You might struggle to think of much else once you’ve seen the great grey piles of matter that precede the orange-cased sticks that it will become.
If you’ve got the stomach for it, let’s dive into the details.
First up you’ll see the miscellaneous meat that starts things off, and the first point of order is that it’s just frozen fish meat mixed with whatever else has been leftover from other processes. Crab meat probably has little to no involvement.
Generally speaking, the grey meat that gets pulverised into a paste will come from Alaskan pollock, although it’s probably best not to check the purity levels there.
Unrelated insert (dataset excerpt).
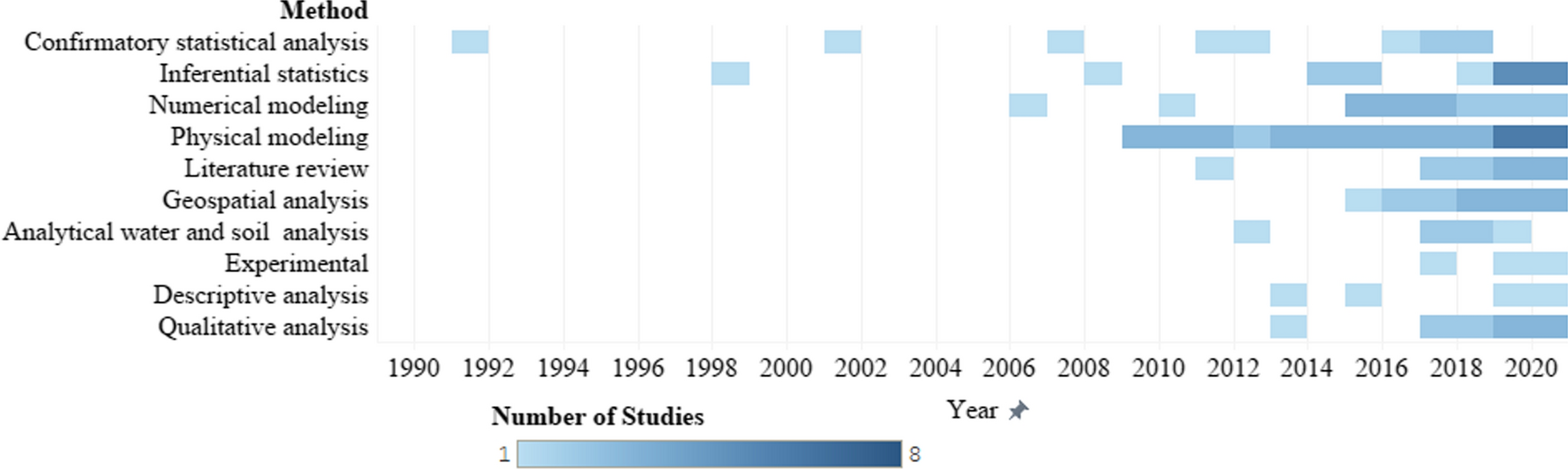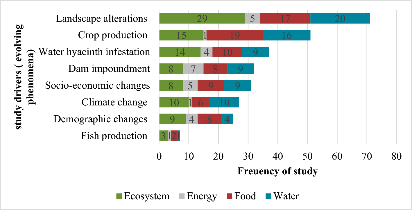 The drivers represent recent or ongoing changes, both anthropogenic (human-induced) and natural, that are hypothesized to influence WEFE within the region. We employed a content analysis approach to identify these drivers manually from the objectives and result parts of the selected studies. Then, we analyzed the co-occurrence of these drivers with specific WEFE components. This involved counting studies mentioning drivers, diagnosing their influence on WEFE components, identifying critical nexus interactions, linking drivers across multiple components, and assessing their causal effects on the entire nexus.
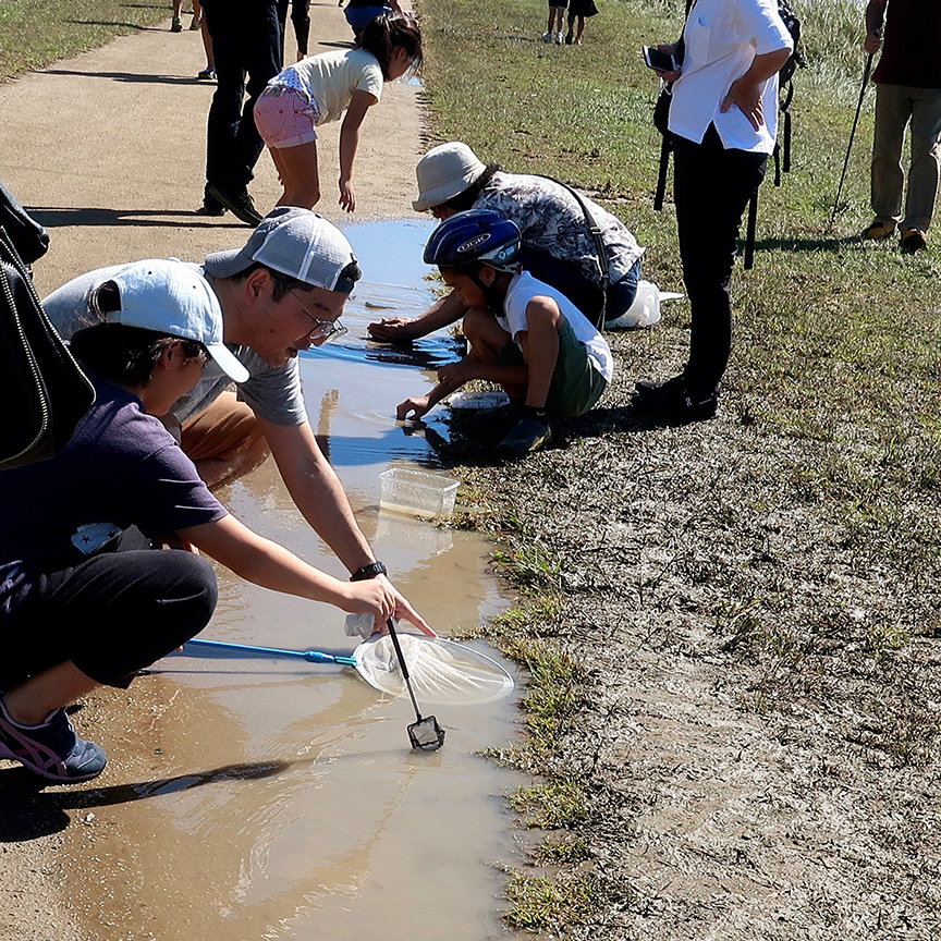 But the typhoon clouds did have one silver lining: only in the aftermath of a heckin’ huge typhoon, can kids go FISHING in sidewalk puddles.

The meat is tossed into a mixer where it’s mashed up and churned into a thick paste with egg whites and wheat, and it’s given another good grinding to get it into a clay-like, concrete-coloured state.
Just a quick check-in before we continue: how’s that stomach feeling?
Good? Great.
Next up, the grey goo is fed into another machine that processes it into a long strip of meaty matter. That strip is then spun together with others until it looks like a woven rope.
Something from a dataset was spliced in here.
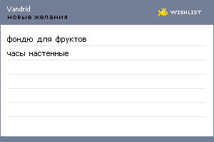 Виджеты показывают последние добавления в вишлист. Вы можете разместить (скопировать и вставить HTML-код) виджет своего вишлиста на своем сайте или в блоге. Также вы можете взять виджеты друзей и разместить их на своей стартовой странице. Выберите по вкусу.
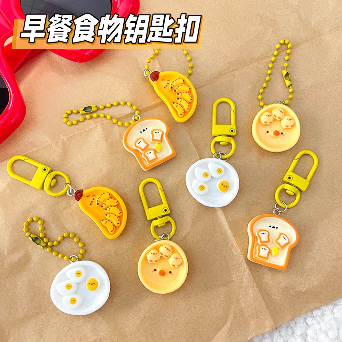 アニメかわいい朝食皿ストラップ趣味シミュレーション食遊びキーホルダーバックパックアクセサリーカップルの親友キーホルダー

The point of this process is to create a texture that mimics crab or lobster, which is miraculous if not unpleasant to think about too deeply.
Some of the product is then sold as surimi - otherwise known as substitute crab meat - while the rest is wrapped in an orange, crab-adjacent casing to become the crabsticks you used to know and love. Sorry about that, but you can’t say you weren’t warned.
Much like those who take one of Morpheus’s pills and see the Matrix for what it is, some people simply can’t handle the truth.
"I will never purchase this ever again!” said one horrified viewer, adding: “Thank you for opening my eyes!"
"I always thought this stuff was disgusting, now I KNOW it is,” said another who, to be fair, doesn’t sound overly surprised that the non-descript matter of a crabstick is maybe not something you’d naturally find in nature.
There are plenty of brave people out there who will happily tuck into their crabsticks regardless, of course.
"I love adding lots of mock crab meat to my delicious pasta salad recipe,” said one strong-stomached soul. “See, now y'all went and made me hungry!!!"
Another said: "To be perfectly honest, I like the product. It's very affordable and makes a very good cold crab salad,” said another.
Now that you know the truth, are crabsticks still on your personal menu or not?